SUMM

The speaker reflects on six months of advancements following reinforcement learning (RL) with verifiable rewards, noting that reasoning models are now common and major players like OpenAI are leading but less transparent.
Reasoning models are enabling new language model applications, exemplified by the speaker’s use of “03” for efficient information retrieval compared to traditional search.
Emerging language model tools, such as Deep Research and Cloud Code, can creatively process specific website content and assist in personal projects.
Fully autonomous agents and coding assistants are appearing, though their deployment is limited by current hardware or access constraints.
Recent breakthroughs in reasoning models underlie significant improvements in language model capabilities and application potential.
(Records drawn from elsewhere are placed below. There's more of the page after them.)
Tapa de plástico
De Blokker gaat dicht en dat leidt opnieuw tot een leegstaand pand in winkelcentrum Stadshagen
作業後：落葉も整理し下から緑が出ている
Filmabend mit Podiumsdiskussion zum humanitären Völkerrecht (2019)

Continued AI gains require deliberate research and innovation, not just scaling; new model abilities must be deliberately trained.
A taxonomy for next-generation models is proposed: skills (math, code), calibration (matching effort to task complexity), strategy (high-level directional planning), and abstraction (decomposing complex problems into manageable parts).
Calibration is increasingly important for product reliability, as models risk overthinking and wasting computation, leading to higher costs and user dissatisfaction.
Current models tend to quickly dive into problem-solving without effective high-level strategizing or abstraction, often resulting in inefficiency.
Progress in tool use and agentic abilities is noted, with ongoing challenges in measurement and consistency.

Lack of calibration leads to unnecessarily verbose outputs and wasted resources, especially for simple queries.
Comparison data shows reasoning-trained models can use 10–100x more tokens than standard models for the same task, affecting latency and infrastructure cost.
There is a need for models to natively adjust their reasoning depth to the complexity of the user’s request, improving both efficiency and user experience.
High-level strategy in planning remains absent; current models rarely outline a plan before tackling subproblems, leading to wasted computation and longer response times.
The ultimate goal is for models to internalize planning abilities, rather than requiring explicit prompting from users.
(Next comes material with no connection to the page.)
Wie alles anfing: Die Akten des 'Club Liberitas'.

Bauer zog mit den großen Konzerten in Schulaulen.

Effective application of reasoning models requires innovations in memory management, parallel computation, and dynamic task decomposition.
Language models should be able to coordinate multiple subprocesses or agents (e.g., parallel cloud code executions), not just single, linear completions.
Developing robust planning behaviors will likely parallel the development of reasoning traces—requiring large-scale human annotation or supervision and extensive RL tuning.
Planning data is easier to collect and verify than complex reasoning traces, making iterative improvement more feasible.
Structured outputs, such as explicit stepwise plans before generating answers, could scaffold improved planning capabilities.

Current models like “03” excel at specialized skills (e.g., search) but lack consistency and thoroughness in broader, multi-step tasks due to weak planning.
Improving planning would make outputs more comprehensive and trustworthy, enhancing utility in tasks like research or recommendations.
By breaking down tasks into skill, calibration, strategy, and abstraction, researchers can better target data collection and algorithmic improvements.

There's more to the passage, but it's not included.